Data shown

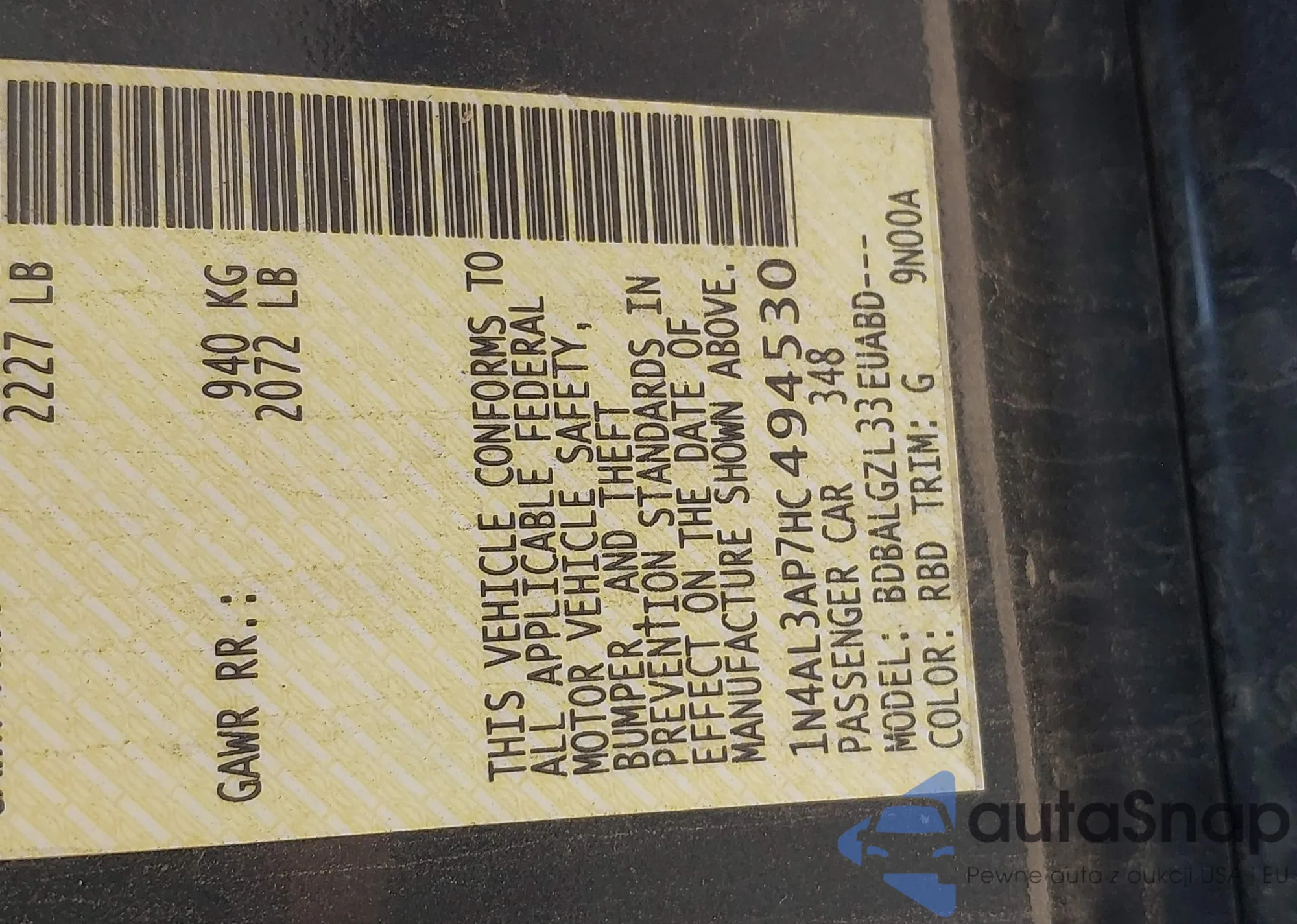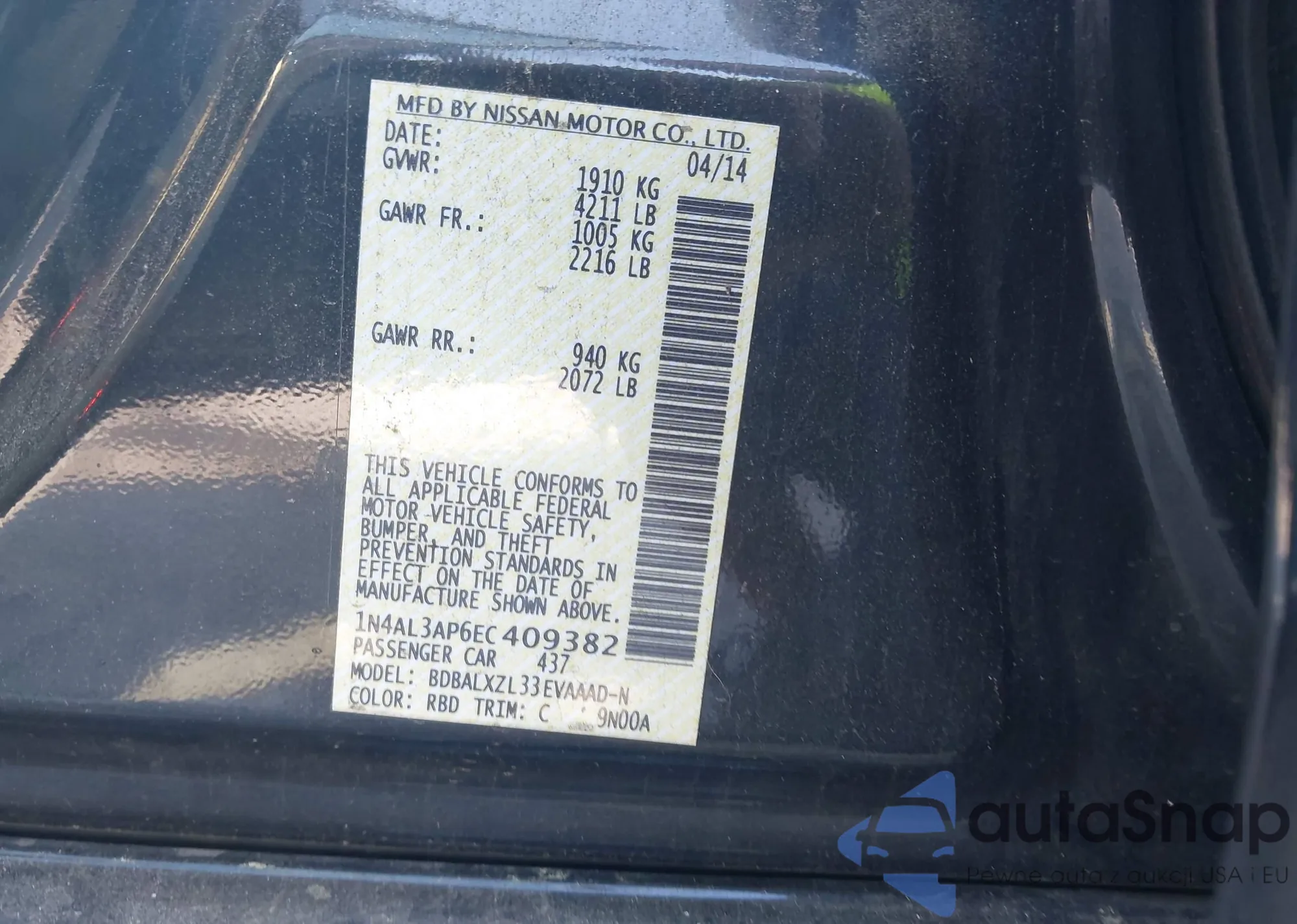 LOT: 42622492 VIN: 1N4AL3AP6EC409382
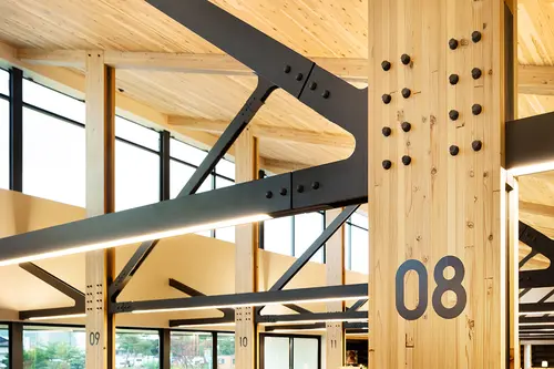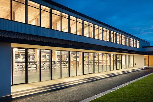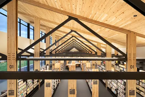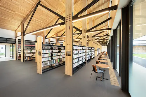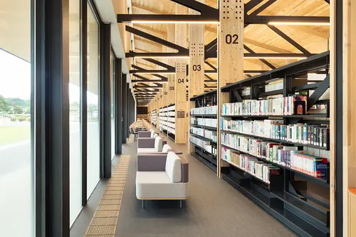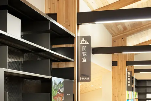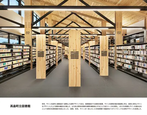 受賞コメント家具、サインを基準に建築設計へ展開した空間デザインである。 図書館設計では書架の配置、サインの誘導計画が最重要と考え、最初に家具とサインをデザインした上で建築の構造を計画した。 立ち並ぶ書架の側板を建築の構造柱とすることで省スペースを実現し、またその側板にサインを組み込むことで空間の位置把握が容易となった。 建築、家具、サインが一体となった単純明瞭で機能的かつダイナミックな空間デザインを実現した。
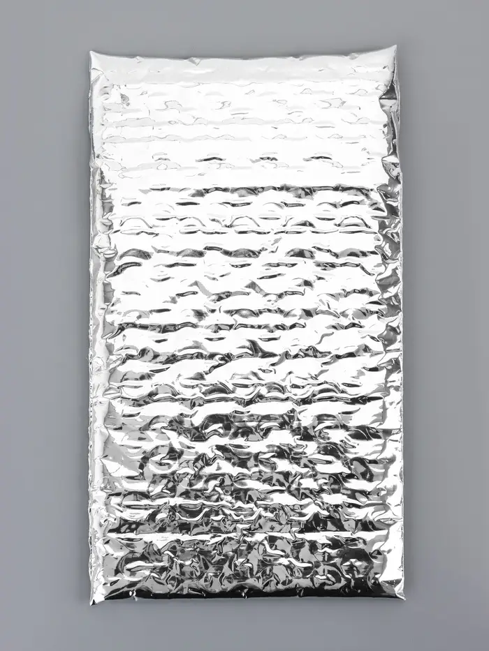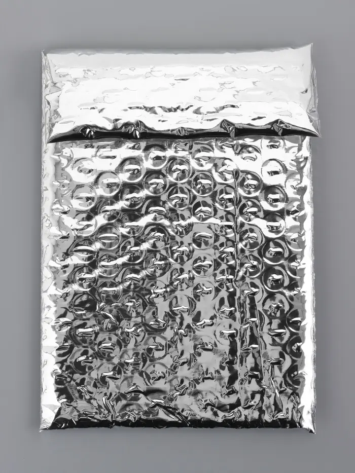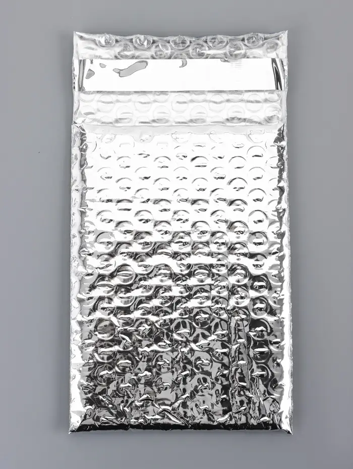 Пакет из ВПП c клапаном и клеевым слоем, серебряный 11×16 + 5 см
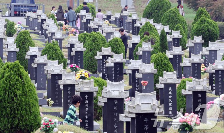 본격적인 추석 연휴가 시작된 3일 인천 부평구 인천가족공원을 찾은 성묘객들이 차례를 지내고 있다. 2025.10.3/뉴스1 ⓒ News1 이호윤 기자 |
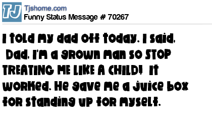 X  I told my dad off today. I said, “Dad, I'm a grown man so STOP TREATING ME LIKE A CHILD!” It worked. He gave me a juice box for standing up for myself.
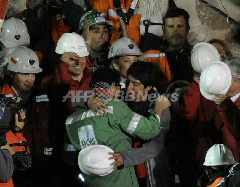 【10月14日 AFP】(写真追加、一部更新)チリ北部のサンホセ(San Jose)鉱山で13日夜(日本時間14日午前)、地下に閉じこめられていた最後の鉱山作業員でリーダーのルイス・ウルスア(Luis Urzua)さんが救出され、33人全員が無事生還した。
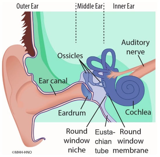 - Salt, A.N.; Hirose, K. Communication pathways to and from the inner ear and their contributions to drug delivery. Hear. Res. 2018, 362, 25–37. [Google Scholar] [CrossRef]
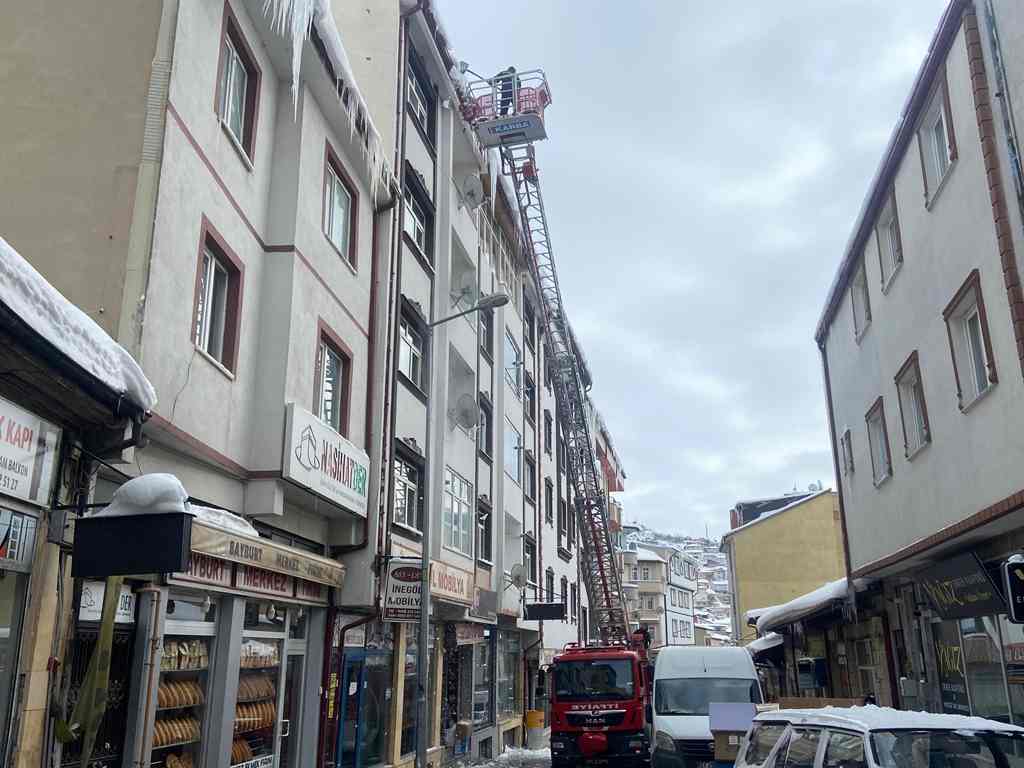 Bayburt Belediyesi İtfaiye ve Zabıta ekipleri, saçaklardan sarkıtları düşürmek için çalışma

Activity
Without the pictures, repeat the line with "- Salt, A.N.;" and every line after it to the end of the listing, and nothing else.

Answer to the exercise
 - Salt, A.N.; Hirose, K. Communication pathways to and from the inner ear and their contributions to drug delivery. Hear. Res. 2018, 362, 25–37. [Google Scholar] [CrossRef]
 Bayburt Belediyesi İtfaiye ve Zabıta ekipleri, saçaklardan sarkıtları düşürmek için çalışma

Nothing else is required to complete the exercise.